Table 4 describes the sociodemographic and dietary intake based on the quintiles of the Nova-UPF score. Participants in the highest quintile of the Nova-UPF score were younger (median = 21.0 years, P25–P75: 19.0–29.75) compared with those in the first (median = 25.5 years, P25–P75: 21.0–42.0) and fourth quintiles (median = 24.0 years, P25–P75: 21.0–37.0) (p = 0.010). A higher TEI was found for participants in the fifth quintiles compared to their counterparts (p < 0.001). Participants in the fifth quintile of the Nova-UPF score had a lower median intake of monounsaturated fatty acids (median = 5.9% TEI, P25–P75: 3.44–9.46) compared with those in the first (median = 8.7% TEI, P25–P75: 5.79–11.95) and second (median = 8.1% TEI, P25–P75: 5.85–11.00) quintiles (p = 0.001), and lower intakes of polyunsaturated fatty acids (median = 2.8% TEI, P25–P75: 1.63–3.74) compared with the first (median = 4.0% TEI, P25–P75: 2.62–5.68), second (median = 4.1% TEI, P25–P75: 2.85–5.65), and third quintiles (median = 4.0% TEI, P25–P75: 2.22–5.13) (p < 0.001).
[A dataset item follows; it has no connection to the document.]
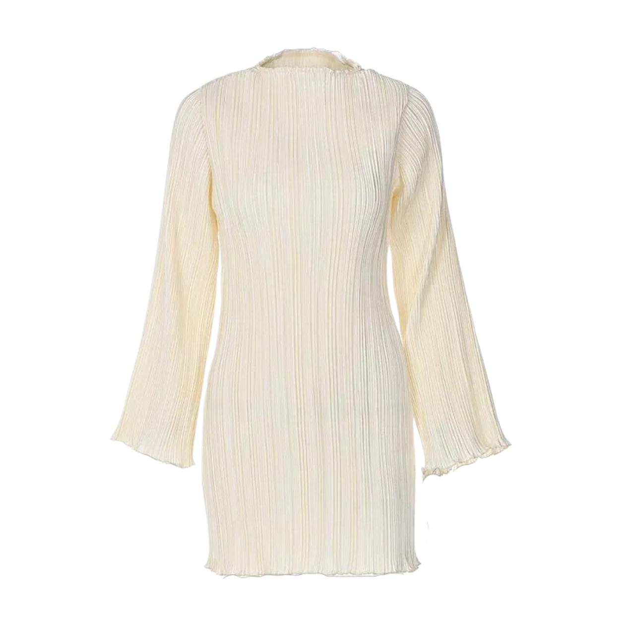 This long sleeve pleated mini dress is designed for to combine style and comfort in one package. Its finely crafted pleats create an elegant movement and the long sleeve add a classy touch to the dress.

Potassium intake was also significantly lower among participants in the highest quintile (median = 1694.9 mg/day (1128.3; 2407.9) relative to those in the first (median = 2555.4 mg/day P25–P75: 1865.3–3410.3), second (median = 2289.0 mg/day P25–P75: 1603.0–2921.8), and fourth quintiles (median = 2394.1 mg/day, P25–P75: 1738.1–3201.7). A higher dietary fibre intake was found for the participants in the first quintile (median = 20.6 g/day, P25–P75: 13.43–27.78) compared to the third (median = 16.6 g/day, P25–P75: 9.90–21.3) and fifth quintiles (median = 17.1 g/day, P25–P75: 11.30–22.78) (p = 0.024).
Table 4. Age, body mass index, and dietary intake according to quintiles of the Nova-UPF score.
No differences were found for BMI, carbohydrates, total fat, saturated fat, and sodium intake.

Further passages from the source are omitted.